> **Your goal**:
From the listing below, retype exactly the line holding "Matbuat Cemiyeti dün", the line holding "Yeni idare heyetine", and the lines between them; skip everything else.

Start of Data

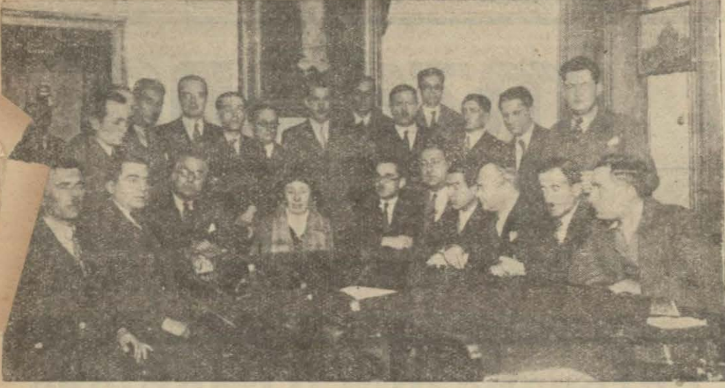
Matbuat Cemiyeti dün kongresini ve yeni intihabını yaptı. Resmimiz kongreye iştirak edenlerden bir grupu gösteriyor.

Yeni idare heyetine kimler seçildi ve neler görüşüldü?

End of Data
Start of Data

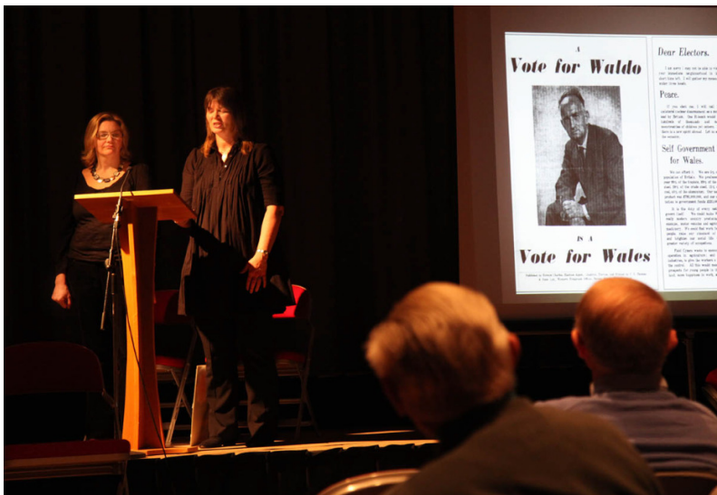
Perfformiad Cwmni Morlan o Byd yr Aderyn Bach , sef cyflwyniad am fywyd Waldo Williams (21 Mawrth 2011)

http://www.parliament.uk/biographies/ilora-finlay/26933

End of Data

> **Result below**:
Matbuat Cemiyeti dün kongresini ve yeni intihabını yaptı. Resmimiz kongreye iştirak edenlerden bir grupu gösteriyor.

Yeni idare heyetine kimler seçildi ve neler görüşüldü?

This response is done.